This is probably the greatest one-time AI "Benchmark" ever made. The foundation companies have been gaming traditional benchmarks for years so that no one can really match those numbers into real-world experience. Car wash test tells me on the other hand what kind of intelligence i can expect.
Yes. Opus could do a lot better, but fails a lot because it doesn't respect the given formatting instructions/output format.
I could modify the tests to emphasize the requirements, but then, what's the point of a test. In real life, we expect the AI to do something if we ask it, especially for agentic use-case or in n8n, because if the output is slightly wrong, the entire workflow fails.
Interesting. This has to do with the "instruction following" aspect, right? I saw that GPT models do a lot higher than Claude on those benchmarks.
I haven't done my own tests, but I did notice a lot of models are very low there. You'll give them specific instructions and they'll ignore them and just pattern match to whatever was the format they saw most commonly during training.
Yup, for example I tell Claude to return ONLY the answer as "LEFT" or "RIGHT".
And it outputs:
**RIGHT**
With markdown bold formatting... This is probably fine in a chat app, but when you use this in a workflow, it will break the workflow if you then have an if check like if(response === 'RIGHT')...
For me it's interesting because no normal person I know would ever inject "because its better for the environment" in anything so small scale so not only it shows they suck, it shows how easy it is to inject side-ideology into simple exchanges.
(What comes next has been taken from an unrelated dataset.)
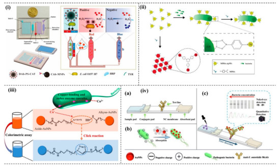 Metallic nanomaterials-based pathogen detection system: (i) E. coli O157:H7 is detected by tuning the optical property of AuNPs by using tyramine as a crosslinking agent in microfluidic platform. Reprinted with permission from Ref. [97]. Copyright 2019 Elsevier. (ii) Colorimetric detection of bacteria explores the aggregation and inhibition of aggregation of MPBA-AgNPs. Reprinted with permission from Ref. [98]. Copyright 2018 Elsevier. (iii) Aggregation of AuNPs is instructed by bacteria to undergo click chemistry and triggered in the presence of Cu+. Reprinted with permission from Ref. [99]. Copyright 2019 American Chemical Society. (iv) Schematic representation of the colorimetric assay of S. enteritidis based on positively charged AuNPs using lateral flow technology, (a) test strip structure, (b) interaction of (+) AuNPs- (−) S. enteritidis mechanism, (c) colorimetric and quantitative detection of S. enteritidis [100].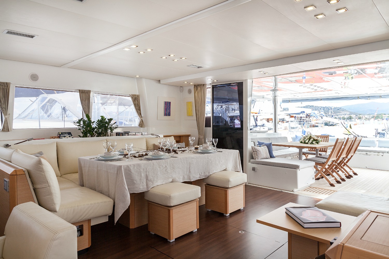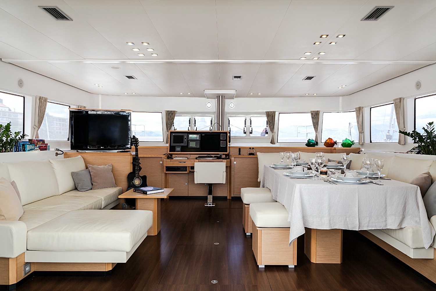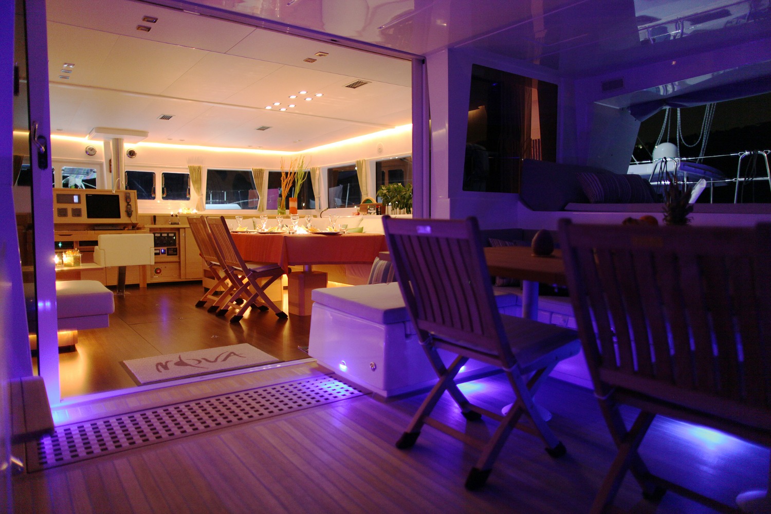 | Inside | 220V Steckdosen, Backofen, DVD-Player, Eisbox, Eiswürfelmaschine, Gefrierschrank, Generator, Geschirrspüler, Inverter 12V/220V, Klimaanlage (ohne Landstrombedarf), Kühlschrank, Ladegerät, Mikrowelle, Pantryausstattung, TV, Warmwasser, Watermaker |

You don’t know enough people, then. There are a lot of environmentally conscious people who would absolutely first think “because it is close we should walk” and then follow up with the logical conclusion that you can’t walk to wash your car. Many people communicate by sharing their thinking process, I can think of many people who would share their ideology as it pertains to a question like this. A pragmatic environmentalist (hopefully that is all of them) would know that their ideology isn’t consequential but could certainly mention it. After all, you may need to drive your car to the car wash to wash it, but do you need to wash it? Are the chemicals used by the car wash harmful? Are there better ways to keep a car maintained?
Referring to "the normal people you know" is purely anecdotal evidence and can't be used to infer anything at all about "side-ideology". Perhaps you only know people that don't care about the environment?
Majority of people I know care about the environment but they would never inject a phrase like that in a quick exchange about going to wash the car 50m away is my point. In wanting to be a pure heart you missed the actual point.
Yea, of course they wouldn't inject that when going to a car wash.
If the question was: "I want to go to a cafe 50m away. Should I walk or drive?" I would hope that all of my friends would answer quite a bit more pointed than the LLMs: "Walk you lazy son of a ..., why are you even asking?".
Considering that, I'd say that most LLMs are being quite nice.